Pioneering Local AI: TAIDE’s Quest for a Trustworthy Taiwanese Language Mod

Richard Tzong-Han Tsai 蔡宗翰

Professor,

Department of Computer Science and Information Engineering,

National Central University

Abstract

At the TAIDE team in the National Science and Technology Council's Innovation Center, our mission has been unequivocal from the outset: to develop a large language model that caters specifically to Taiwan’s linguistic nuances while upholding the highest standards of data integrity and security. In a world dominated by major tech players, our objective has been to secure a digital voice for Taiwan, ensuring our sovereignty in the digital space and safeguarding sensitive information.

With only a fraction of the budget available to global giants like ChatGPT, our resolve has remained strong. We embarked on this ambitious project to create a model that authentically speaks and writes in the Taiwanese vernacular—reliable and trustworthy. This required assembling a comprehensive Taiwanese corpus, developing dependable evaluation metrics, and navigating the complexities of integrating diverse institutional efforts.
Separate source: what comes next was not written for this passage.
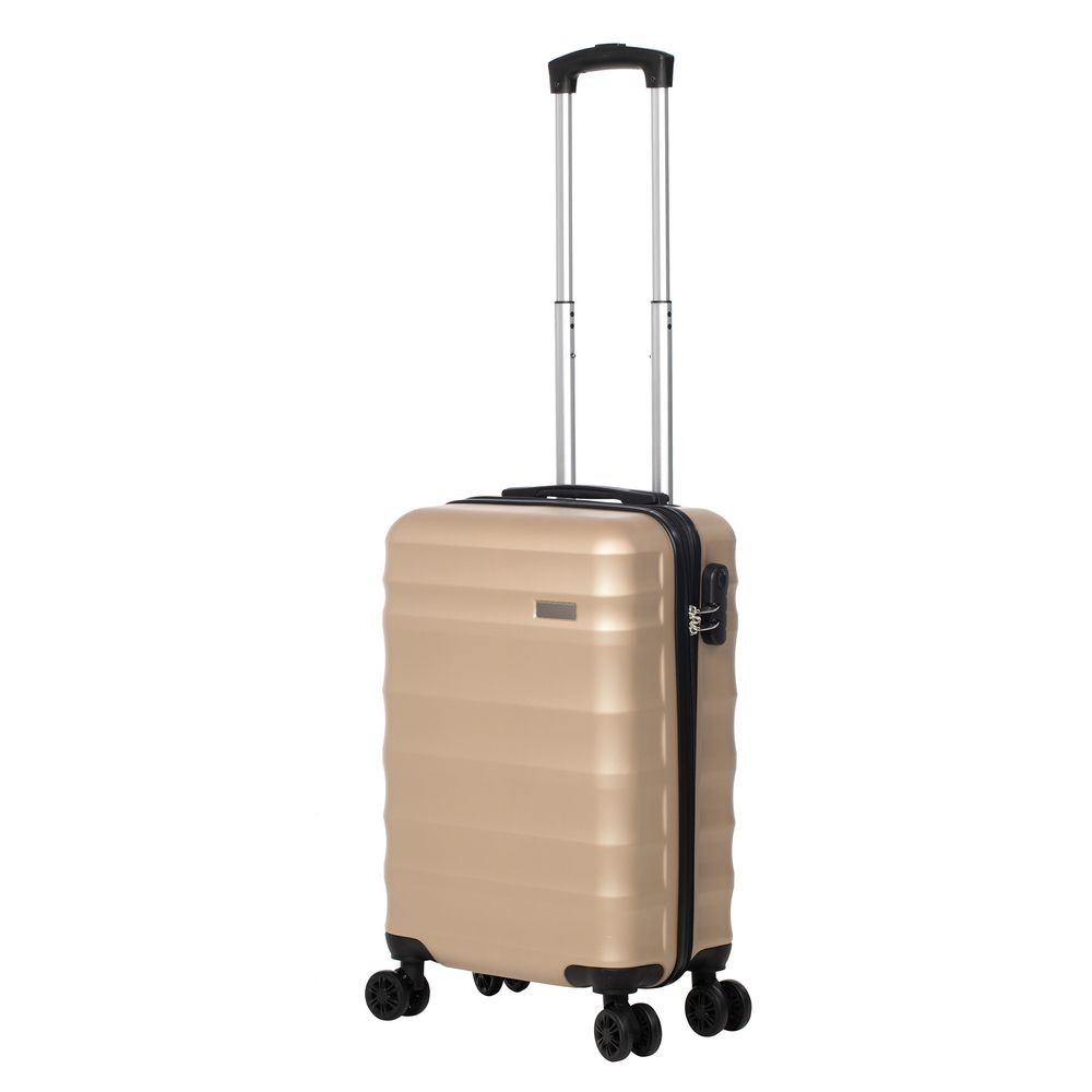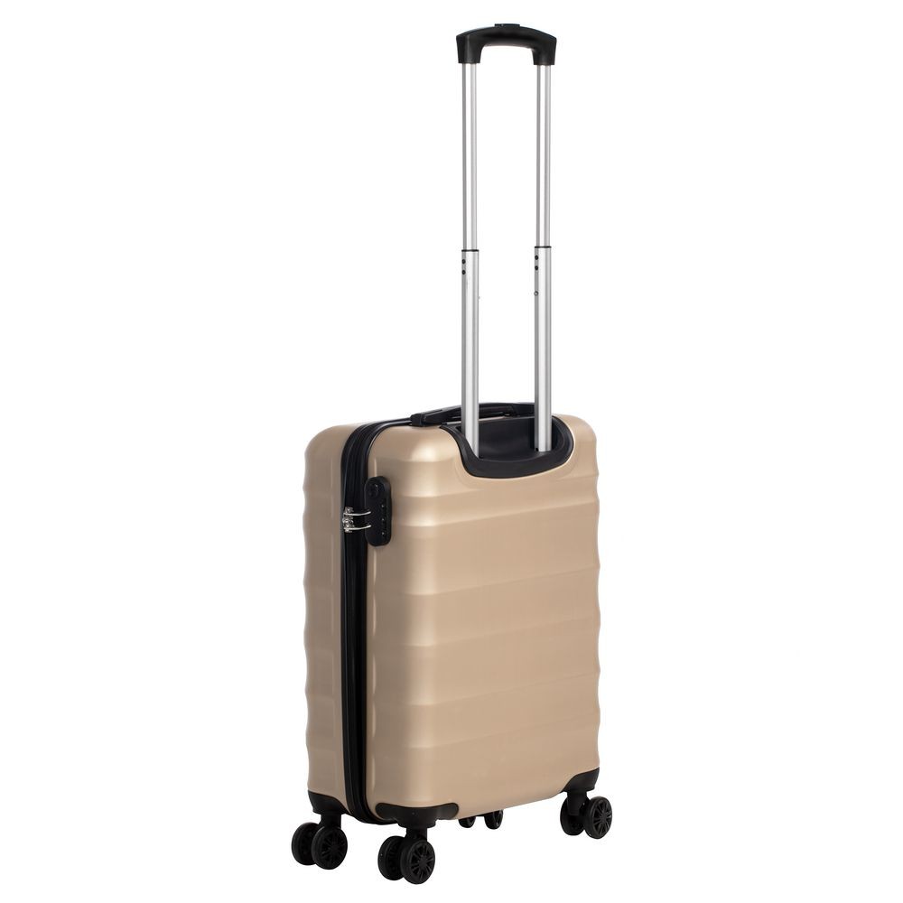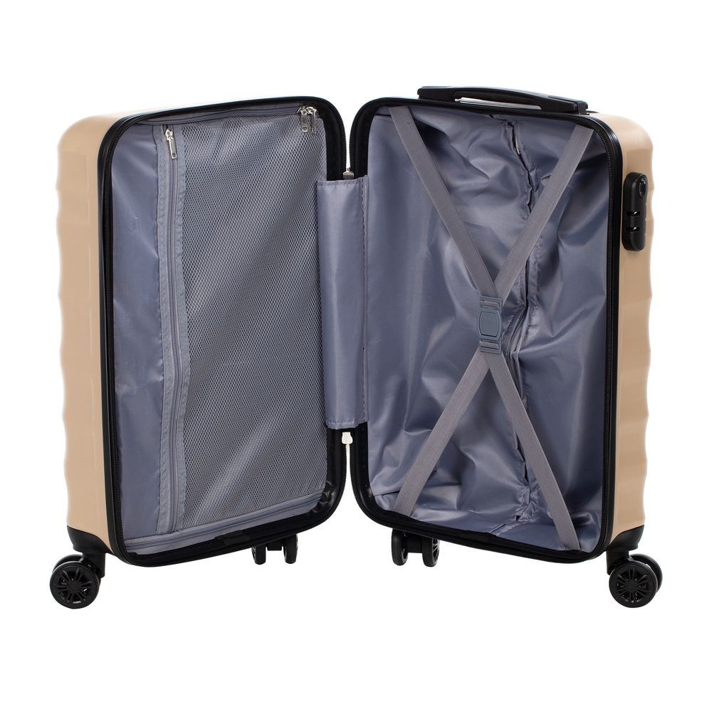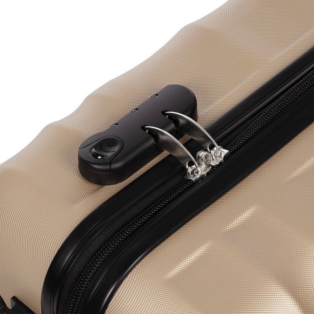 Для изготовления корпуса применяется прочный АБС-пластик последнего поколения. Специальные ребра жесткости повышают прочность конструкции и помогают нивелировать последствия удара при падении или другом механическом воздействии, а фактурная поверхность выполняет не только декоративную функцию, но и защищает чемодан от царапин.

Our path was fraught with challenges, including convincing content producers to share their data while ensuring all used materials complied with strict legal standards to prevent the incorporation of unreliable or biased information. Despite these hurdles, our team's dedication yielded significant accomplishments: we not only launched the widely praised commercial 7B model but also utilized Llama3 to train a new preview model shortly after its release, demonstrating our deep technical capabilities.

This development process not only showcased our technical expertise but also reinforced our commitment to responsibly advancing Taiwan's AI capabilities. As we move forward, our focus remains on nurturing an ecosystem where technology not only supports local industry growth but also embodies and promotes societal values, positioning Taiwan as a formidable player in the global AI landscape.